# head lights quit working on my 66



## nmiller5000 (Dec 5, 2009)

I am a proud owner of 66 gto which I just bought on tuesday. the head lights were working the first few days then all of the sudden they wont come on. tail lights are still working. I figured in might be a fuse but I dont know where to look for fuses. If anyone can help, thank you in advance.


----------



## geeteeohguy (Feb 2, 2008)

nmiller, the fuses are right behind the parking brake pedal, on the firewall. All due respect, you may want to take the car to an electrical shop or mechanic if the fuse tests out good. I predict it will, since the tail lamps are operational. Unless you know basic electricity, and basic automotive repair, take it to a pro. Congrats on getting a '66: one of THE best year of GTO, IMO!!


----------



## nmiller5000 (Dec 5, 2009)

Thank you for your help. I changed the fuses anyway with no luck. It is kinda hard to read but I think they're are seperate fuses for head lamps and tail lights. Atleast thats what I'm reading. I believe I will take your advice on taking to a pro. I have another question if you can help? I've looked at several pictures of the back seat on different 66's and I'm trying to figure out if they come from the factory with 2 or 3 seat belts. I have 3 children that I need to buckle in so I need to buy some belts. Some pictures I think I'm counting 3 sets and some definately show just 2.


----------



## Too Many Projects (Nov 15, 2008)

The headlights don't go thru a fuse in the fuse panel. Most GM cars of that era have a wire coming from the positive battery cable to a small junction block mounted near the battery. From there the power goes to the headlight switch. The wire from the battery to the block may have a pull apart fuse holder in line, or it may be a fusible link (will melt in the event of a short). Look at the plus cable and see if it has the extra wire coming from it. My guess would be a faulty headlight switch because other circuits wouldn't work if the fuse (link) had failed.


----------



## geeteeohguy (Feb 2, 2008)

1966 GTO's only came with 2 rear seat belts. You could probably put in a third, piggybacking on the two inside bolts for the middle belt. Should be no problem. As stated, unless you're familiar with automotive electrical systems, and you have a good wiring diagram, I would take it to a pro before you start tearing the wiring apart...the advice stated above is good, but you need to know what you're looking for and how to test the circuit.


----------



## Eric Animal (Oct 28, 2007)

I bet it's the headlight switch.....


----------



## geeteeohguy (Feb 2, 2008)

Yeah, probably..............


----------



## nmiller5000 (Dec 5, 2009)

Thank you for the advice. Sounds like you've been around the block a few times. I was in the market for rear seat belts. Any suggestions on good place to buy from as far as quality and reasonably priced?


----------



## 66tempestGT (Nov 28, 2009)

faulty dimmer switch will cause this too. found out while driving at night!


----------



## Eric Animal (Oct 28, 2007)

:agree


----------



## Too Many Projects (Nov 15, 2008)

66tempestGT said:


> faulty dimmer switch will cause this too. found out while driving at night!

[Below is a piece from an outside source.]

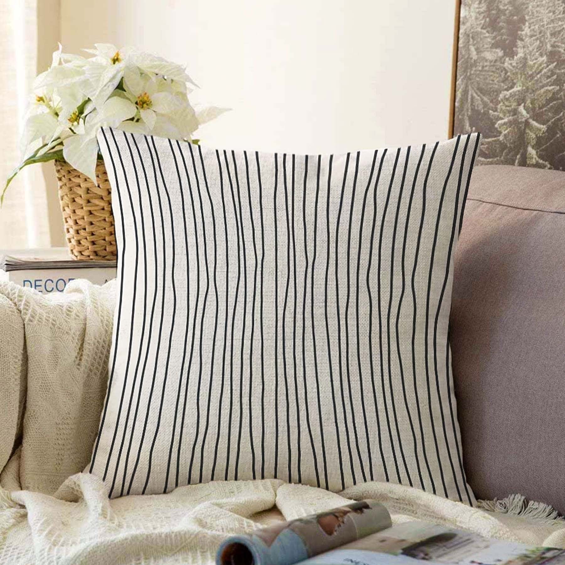 Siyah Beyaz Dalgalı Çizgi Motifli Dekoratif Raşel Kadife Yastık Kırlent Kılıfı

I forgot about that !! good one....:cheers
Have you tried the dimmer to see if the lights work on high ?


----------



## geeteeohguy (Feb 2, 2008)

That IS a good point! In fact, my old Toyota has that problem....only the low's work because the dimmer switch is bad. But, that said, as stated above, the lights should work on either lo only or hi only if the switch is bad. Seatbelts: I've seen them on ebay. Not cheap, but correct original stuff Also, I may have an extra or two, I need to look. They would be black '66 deluxes. Or, you might try the local auto parts store and just get a generic, new, safe, belt. Probably a lot cheaper!


----------